Thierry Gerbaud : La reprise de la concession de l’aéroport par le groupe Vinci en 2011 a changé beaucoup de choses. Aujourd’hui, il existe sur le site une vingtaine d’entreprises spécialisées avec des statuts différents pour les salarié.es. Les conventions collectives, les salaires, les horaires, tout change. Au total ces entreprises font travailler entre 800 et 1 000 salariés, avec beaucoup d’intérimaires et de CDD. Vinci le donneur d’ordre est sans lien avec les salarié.es qui exécutent le travail. C’est pour cela que notre syndicat mène une bataille pour obtenir un CHSCT de site. Ce qui nous permettrait d’être au plus près des réalités vécues par les salarié.es et d’obliger Vinci à assumer un rôle d’interlocuteur direct. Avec peu de résultats aujourd’hui, il faut bien l’admettre. La préfecture ne daigne même pas donner suite à nos courriers.

Peux-tu nous raconter comment d’un syndicat d’entreprise classique, la CGT AGO s’est muée en un syndicat de site ?

Le syndicalisme est une expérience assez récente pour moi. En 2009, j’étais intérimaire et loin de toutes ces questions syndicales. Avant que la CGT AGO ne devienne un syndicat interentreprise, il préexistait une section syndicale sur le site aéroportuaire, dépendant de l’union locale Sud-Loire. D’une part, un événement qui a interloqué les syndiqué.es et, d’autre part, la reprise en 2011 de la concession par Vinci nous ont obligés à réagir. L’événement en question était une grève sur le site. Un militant du syndicat a vu des salarié.es en grève devant les locaux de leur entreprise. Mais très peu de militants dans la CGT était au courant de leurs revendications ou de la grève. Combiné avec la reprise par Vinci, l’idée de créer un syndicat interentreprise sur le site s’est imposée.

Parle-nous du fonctionnement de ton syndicat.
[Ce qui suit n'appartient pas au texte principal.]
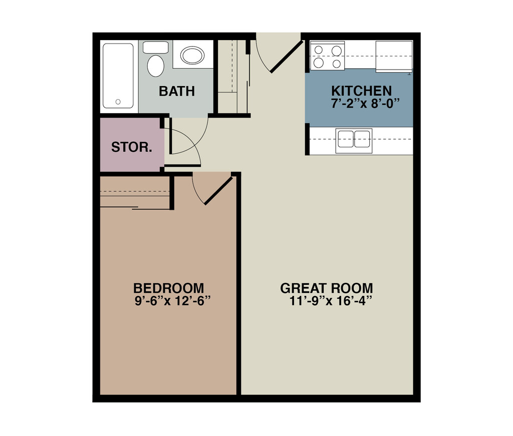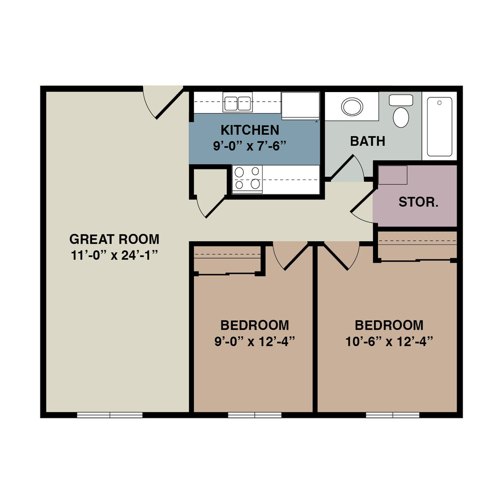 1 Bedroom - Senior - Floorplan 1 2 Bedrooms

3-92.jpgLe syndicat organise tous ceux qui travaillent sur la plateforme aéroportuaire. Nous avons des syndiqué.es dans la majorité des entreprises du site, dont en particulier les plus grosses boîtes. À l’intérieur de chaque entreprise les syndiqués s’organisent en section syndicale. Au niveau du syndicat la commission exécutive rassemble des militants et militantes de chaque entreprise. Cela permet d’une part à toutes et tous d’être au courant de ce qui se passe dans chaque entreprise, de mettre en commun les moyens militants et d’organiser concrètement une solidarité entre les salarié.es de toutes les entreprises. De plus pour tous et toutes les salarié.es du site, nous organisons une permanence DLAJ [1] pour pouvoir répondre à leurs interrogations. Concernant nos moyens de fonctionnement il faut noter que nous disposons d’un local depuis le 31 mars 2016, financé par l’union locale et ­l’union départementale. Enfin je tiens à signaler que nous avons de bonnes relations avec les syndicats de chez Vinci.

Quels sont les autres syndicats sur le site de Nantes Atlantique ?
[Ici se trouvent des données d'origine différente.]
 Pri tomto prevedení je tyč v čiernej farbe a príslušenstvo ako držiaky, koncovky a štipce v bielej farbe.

Il y a bien quelques militants de FO. Mais ils sont isolés. Il y a aussi quelques CFDT et CFTC isolés.

Autour de quels thèmes s’organise votre syndicalisme au quotidien ?

Même si l’aéroport de Nantes Atlantique est florissant et si Vinci en tire de gros bénéfices, les entreprises implantées sur le site et qui font tourner le service aéroportuaire vont mal. Il y a beaucoup de turn-over et des cadences infernales.
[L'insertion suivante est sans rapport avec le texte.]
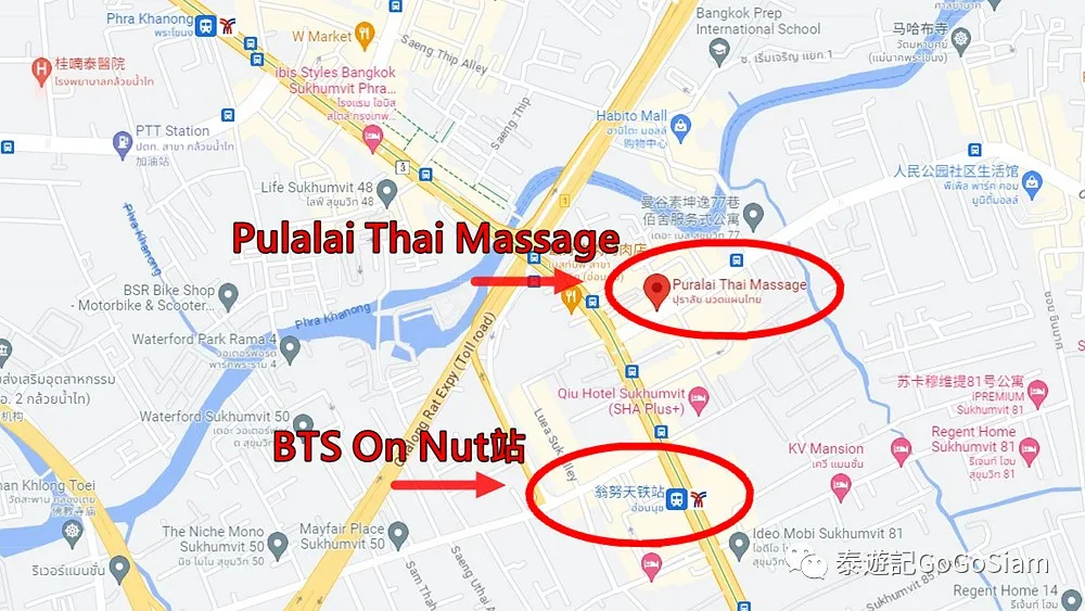 整体而言,Pulalai Thai Massage算是On Nut地区的老牌按摩店。老板经营十余年,招募的技师也以技术主打。Pulalai Thai Massage店铺的地址及地图位置如下,有兴趣的小主们可以自行前往探店。

Depuis la reprise en 2011, Vinci bloque les investissements. Mais plus que cela encore, Vinci veut faire du service aéroportuaire un laboratoire de la loi travail. Dans la perspective du déménagement à Notre-Dame-des-Landes, il dénonce les accords d’entreprises. Par exemple, aujourd’hui les avitailleurs [2] dépendent de la convention collective du pétrole. Cela ne leur convient plus. Ils veulent faire baisser les salaires et diminuer les jours de vacances. Pour cela ils veulent changer de convention collective. Autre exemple : l’entreprise HubSafe [3] , résultat d’un rachat en 2015, a dénoncé les précédents accords d’entreprise et pousse maintenant ses salariés à la rupture conventionnelle pour embaucher des jeunes moins chers. Tout est mis en œuvre pour que le déménagement permette d’appliquer l’intégralité des dispositions de la loi travail.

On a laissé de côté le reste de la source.